What you will do: Every record is to be copied unchanged, except that its pictures are removed.

- - -

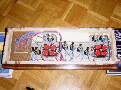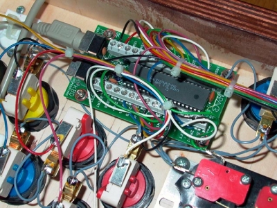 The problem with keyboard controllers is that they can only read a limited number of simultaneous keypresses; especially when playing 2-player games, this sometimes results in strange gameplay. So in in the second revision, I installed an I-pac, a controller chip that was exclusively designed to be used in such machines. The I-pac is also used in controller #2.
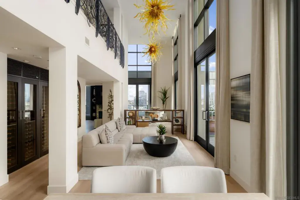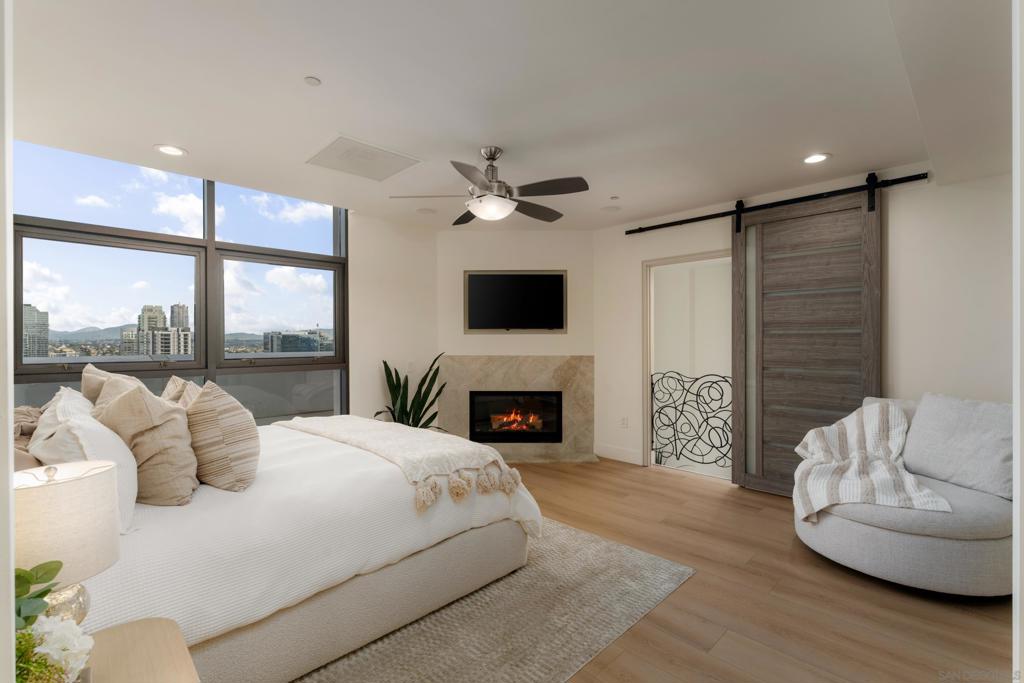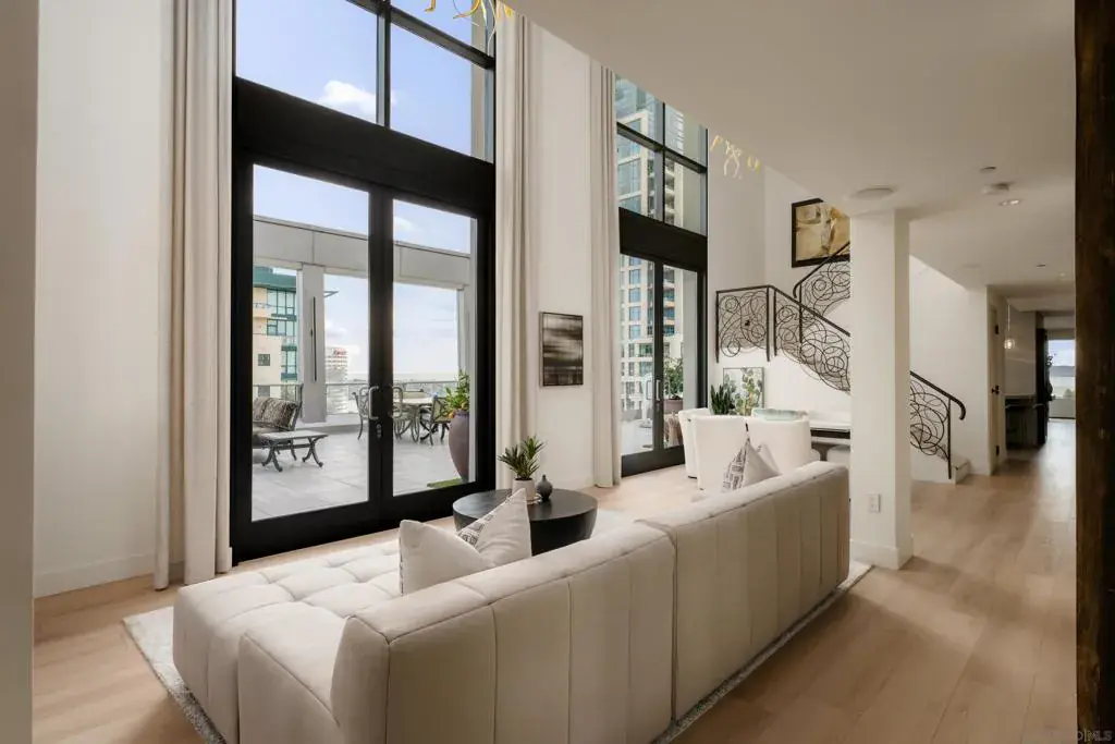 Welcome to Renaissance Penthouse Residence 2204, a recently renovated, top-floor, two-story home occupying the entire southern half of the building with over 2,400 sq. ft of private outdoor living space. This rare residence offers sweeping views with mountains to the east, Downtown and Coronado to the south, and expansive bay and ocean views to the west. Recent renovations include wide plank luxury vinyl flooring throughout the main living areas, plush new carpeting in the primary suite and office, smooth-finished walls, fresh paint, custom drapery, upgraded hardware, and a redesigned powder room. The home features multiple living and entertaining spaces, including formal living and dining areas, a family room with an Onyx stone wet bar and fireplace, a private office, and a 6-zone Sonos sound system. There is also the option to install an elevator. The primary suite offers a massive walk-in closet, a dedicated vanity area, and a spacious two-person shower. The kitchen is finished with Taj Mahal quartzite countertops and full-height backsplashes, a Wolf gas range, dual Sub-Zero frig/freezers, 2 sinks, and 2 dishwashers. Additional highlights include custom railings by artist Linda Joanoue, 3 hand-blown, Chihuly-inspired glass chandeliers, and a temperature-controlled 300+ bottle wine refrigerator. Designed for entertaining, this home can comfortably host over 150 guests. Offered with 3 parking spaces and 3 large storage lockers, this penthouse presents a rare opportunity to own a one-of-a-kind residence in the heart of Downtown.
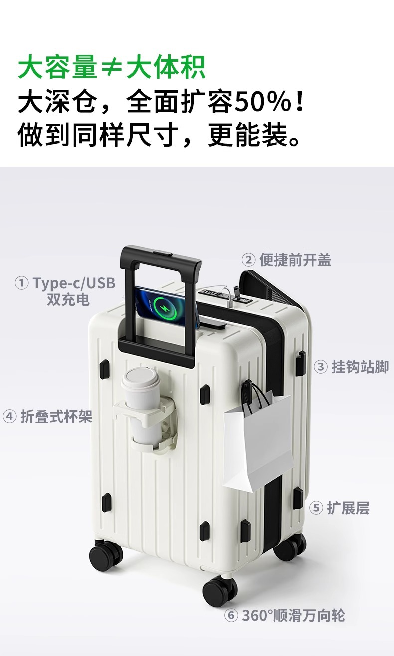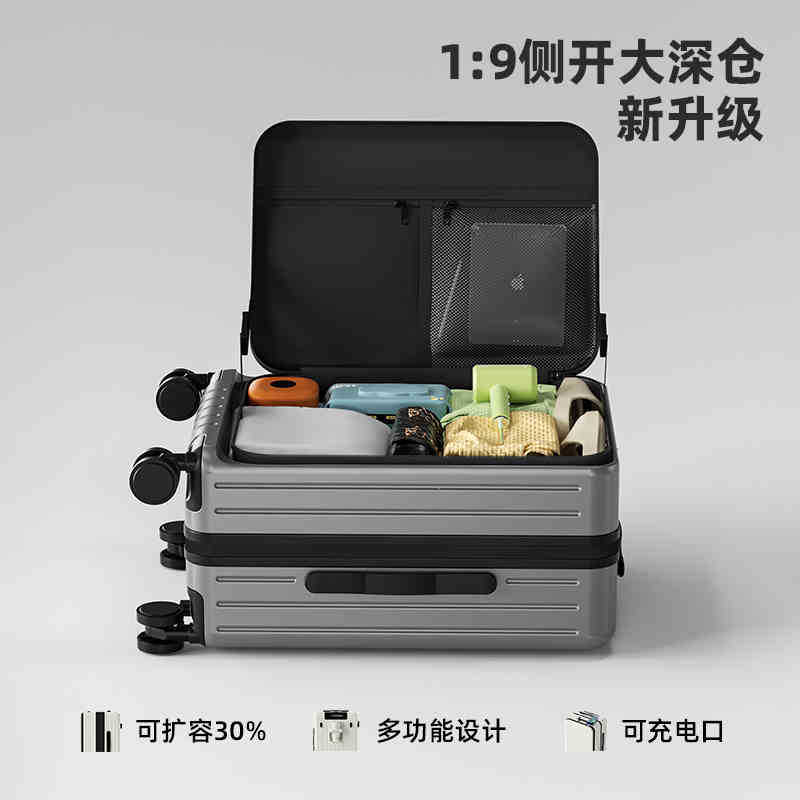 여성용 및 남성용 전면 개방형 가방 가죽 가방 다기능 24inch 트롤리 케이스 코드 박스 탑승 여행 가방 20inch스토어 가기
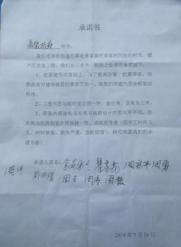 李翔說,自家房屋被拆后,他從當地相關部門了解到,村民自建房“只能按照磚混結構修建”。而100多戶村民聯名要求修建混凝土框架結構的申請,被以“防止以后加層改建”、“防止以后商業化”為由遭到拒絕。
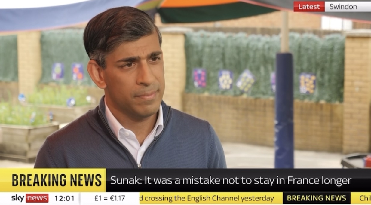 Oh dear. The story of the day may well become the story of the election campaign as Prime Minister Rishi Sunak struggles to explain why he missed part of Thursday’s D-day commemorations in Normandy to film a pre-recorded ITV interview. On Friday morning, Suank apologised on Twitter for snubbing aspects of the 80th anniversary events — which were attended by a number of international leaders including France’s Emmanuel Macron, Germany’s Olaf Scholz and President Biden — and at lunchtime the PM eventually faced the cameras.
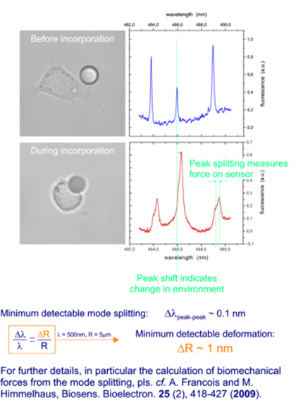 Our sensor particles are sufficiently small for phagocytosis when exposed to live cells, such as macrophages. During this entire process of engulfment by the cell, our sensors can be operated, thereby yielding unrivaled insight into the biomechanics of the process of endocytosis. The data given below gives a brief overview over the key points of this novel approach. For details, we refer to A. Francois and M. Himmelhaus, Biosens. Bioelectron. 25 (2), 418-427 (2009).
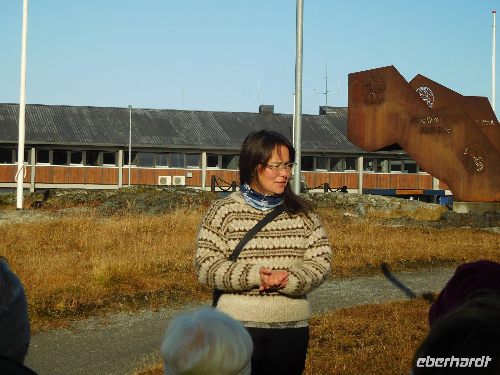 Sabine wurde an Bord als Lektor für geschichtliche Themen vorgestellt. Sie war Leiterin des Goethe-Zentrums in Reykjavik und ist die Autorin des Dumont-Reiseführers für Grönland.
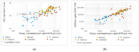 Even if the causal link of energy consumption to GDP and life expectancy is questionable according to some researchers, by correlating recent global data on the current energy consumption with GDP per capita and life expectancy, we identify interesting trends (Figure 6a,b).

- - -

Response to the exercise:
 The problem with keyboard controllers is that they can only read a limited number of simultaneous keypresses; especially when playing 2-player games, this sometimes results in strange gameplay. So in in the second revision, I installed an I-pac, a controller chip that was exclusively designed to be used in such machines. The I-pac is also used in controller #2.
 Welcome to Renaissance Penthouse Residence 2204, a recently renovated, top-floor, two-story home occupying the entire southern half of the building with over 2,400 sq. ft of private outdoor living space. This rare residence offers sweeping views with mountains to the east, Downtown and Coronado to the south, and expansive bay and ocean views to the west. Recent renovations include wide plank luxury vinyl flooring throughout the main living areas, plush new carpeting in the primary suite and office, smooth-finished walls, fresh paint, custom drapery, upgraded hardware, and a redesigned powder room. The home features multiple living and entertaining spaces, including formal living and dining areas, a family room with an Onyx stone wet bar and fireplace, a private office, and a 6-zone Sonos sound system. There is also the option to install an elevator. The primary suite offers a massive walk-in closet, a dedicated vanity area, and a spacious two-person shower. The kitchen is finished with Taj Mahal quartzite countertops and full-height backsplashes, a Wolf gas range, dual Sub-Zero frig/freezers, 2 sinks, and 2 dishwashers. Additional highlights include custom railings by artist Linda Joanoue, 3 hand-blown, Chihuly-inspired glass chandeliers, and a temperature-controlled 300+ bottle wine refrigerator. Designed for entertaining, this home can comfortably host over 150 guests. Offered with 3 parking spaces and 3 large storage lockers, this penthouse presents a rare opportunity to own a one-of-a-kind residence in the heart of Downtown.
 여성용 및 남성용 전면 개방형 가방 가죽 가방 다기능 24inch 트롤리 케이스 코드 박스 탑승 여행 가방 20inch스토어 가기
 李翔說,自家房屋被拆后,他從當地相關部門了解到,村民自建房“只能按照磚混結構修建”。而100多戶村民聯名要求修建混凝土框架結構的申請,被以“防止以后加層改建”、“防止以后商業化”為由遭到拒絕。
 Oh dear. The story of the day may well become the story of the election campaign as Prime Minister Rishi Sunak struggles to explain why he missed part of Thursday’s D-day commemorations in Normandy to film a pre-recorded ITV interview. On Friday morning, Suank apologised on Twitter for snubbing aspects of the 80th anniversary events — which were attended by a number of international leaders including France’s Emmanuel Macron, Germany’s Olaf Scholz and President Biden — and at lunchtime the PM eventually faced the cameras.
 Our sensor particles are sufficiently small for phagocytosis when exposed to live cells, such as macrophages. During this entire process of engulfment by the cell, our sensors can be operated, thereby yielding unrivaled insight into the biomechanics of the process of endocytosis. The data given below gives a brief overview over the key points of this novel approach. For details, we refer to A. Francois and M. Himmelhaus, Biosens. Bioelectron. 25 (2), 418-427 (2009).
 Sabine wurde an Bord als Lektor für geschichtliche Themen vorgestellt. Sie war Leiterin des Goethe-Zentrums in Reykjavik und ist die Autorin des Dumont-Reiseführers für Grönland.
 Even if the causal link of energy consumption to GDP and life expectancy is questionable according to some researchers, by correlating recent global data on the current energy consumption with GDP per capita and life expectancy, we identify interesting trends (Figure 6a,b).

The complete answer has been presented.